I recently did a £200 spending spree for my tree frogs at t 888 thinking they wouldnt screw me over with mistakes like last time but it seems they havent changed!!!

I ordered a new exo terra for my whites, along with thermometer equipment, background, heat mats uv lighting..... not only does the glass vivarium come SMASHED AND SHATTERED IN THE DELIVERY but HALF MY ORDER ISNT THERE!!!!

youd think as a customer paying more than a tenner at their "online shop" theyd ship all their items listed, BROKEN OR NOT!!!

just makes me soo angry because i was looking forward to setting up their new home tonight.. i phoned them about the broken viv today at college, but didnt realise half the stuff didnt come until i got home!!!!!

*AHHHHHHHHHHHHHHHH!!!!!!!!!!!!!!!!!!!!!!!!!!!!!!!!!!!!!!*

the sh!t will hit the fan tomorrow when i phone them :censor::censor::censor::censor::censor::censor::censor::censor::censor::censor::censor::censor::censor::censor::censor::censor:

anyway

how is everyone? :eek4:


----------



## joeyboy (Jul 19, 2008)

ive only had one order but the same thing happened to me.
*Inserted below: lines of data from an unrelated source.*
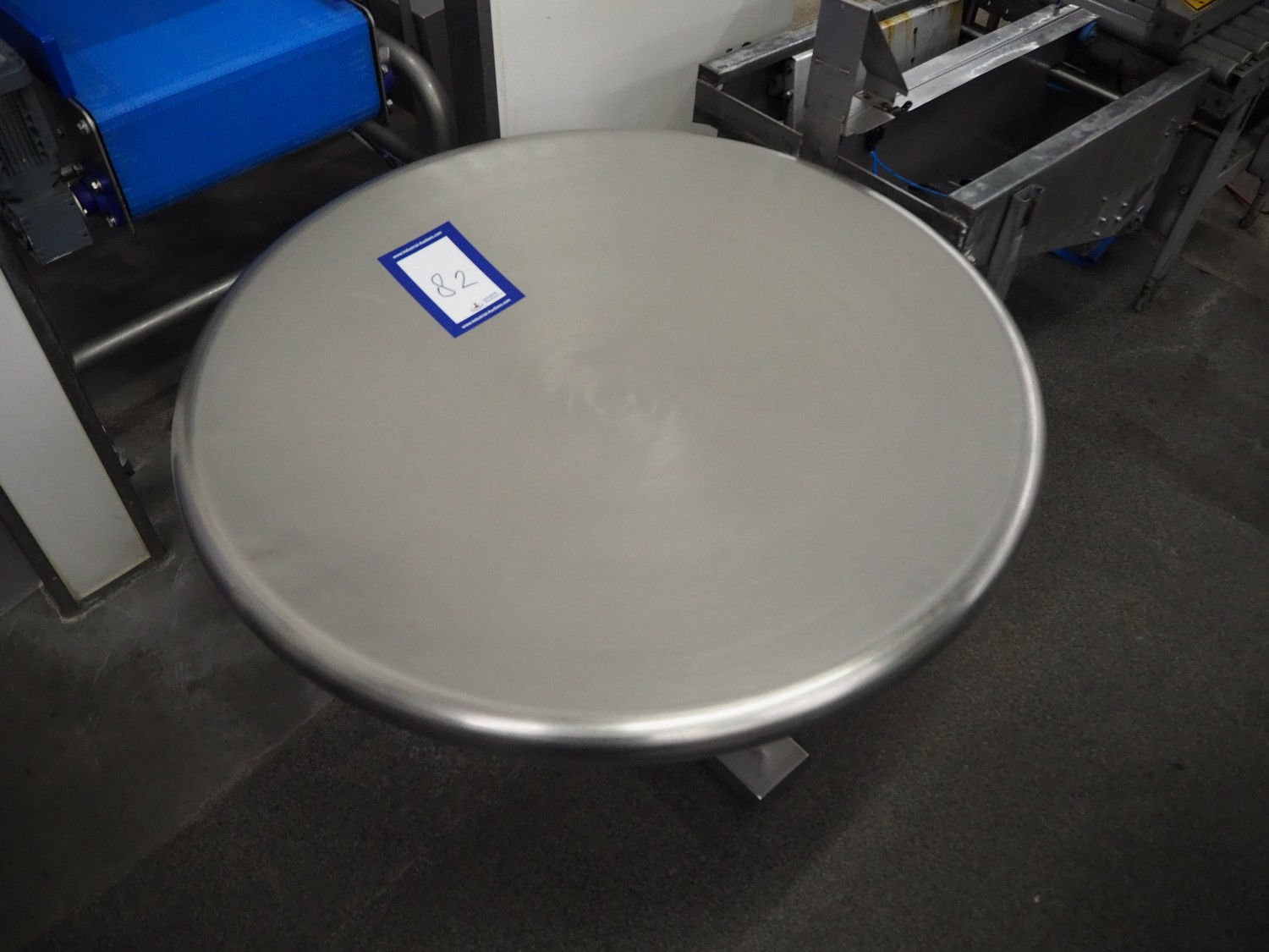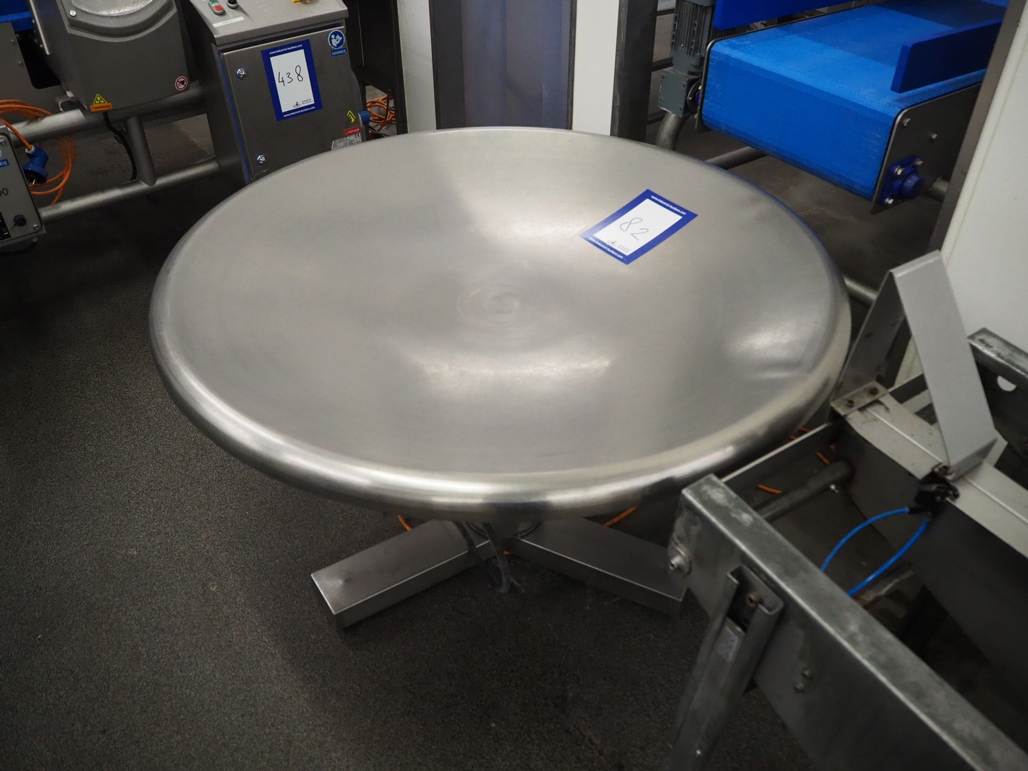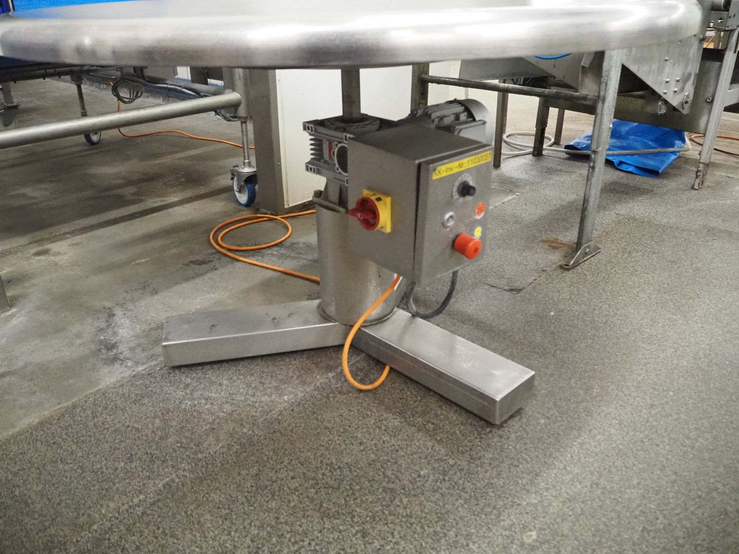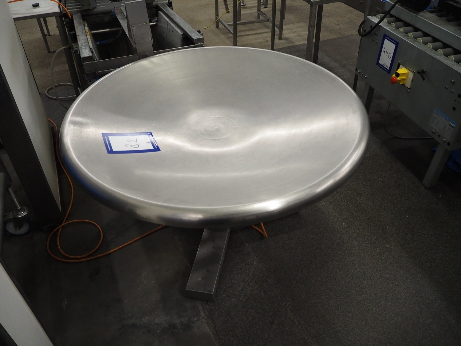 Joy Conveyor Co.,LTD s/s turning table, year of construction: 2018, 220 V, 50 Hz, 2 A, 0.37 kW, weight: 250 kg, diameter table: 1200 mm, height table: 750 mm.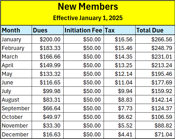 - Annual dues for existing members are $213.25 - this is $200 plus 6.625% NJ Sales Tax of $13.25 Membership is for the CALENDAR year, January 1st to December 31st. Dues are payable BEFORE the first of each year.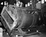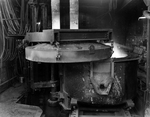 Description :VUE INTERIEURE DE LA FONDERIE ET EN GROS PLAN, UN FOUR ELECTRIQUE DE TROIS TONNES, LE COUVERCLE OUVERT, GLISSE VERS LA GAUCHE, PRET A ETRE RECHARGE. DEUX PUISSANTES ELECTRODES SONT DRESSEES A LA VERTICALE AU SECOND PLAN OU ELLES VOISINES DE NO...

Ordered some stuff and 2 things were out of stock(according to invoice inside the parcel, had to wait ages for the other 2 items.

WHY CANT THEY SAY "OUT OF STOCK" ON THEIR DAMN SITE!:censor::censor:


----------



## Joshh (Nov 12, 2008)

Well i know not to use them now, Thanks =D


----------



## twydell (Jul 29, 2008)

joeyboy said:


> ive only had one order but the same thing happened to me. Ordered some stuff and 2 things were out of stock(according to invoice inside the parcel, had to wait ages for the other 2 items.
> 
> WHY CANT THEY SAY "OUT OF STOCK" ON THEIR DAMN SITE!:censor::censor:


a year ago i ordered 2 white lipped tree frogs and a tree frog habitat kit from them, because you know, if they list they have white lipped tree frogs on their site you'd rightfully assume they have SOME in stock.....phone call next day "we're actually out of white lipped tree frogs, but can we offeer you another frog?" so i went to pollywog instead....and the funniest thing is they still sent me the habitat kit, with half the stuff replaced with other items because it was all out of stock or discontinued....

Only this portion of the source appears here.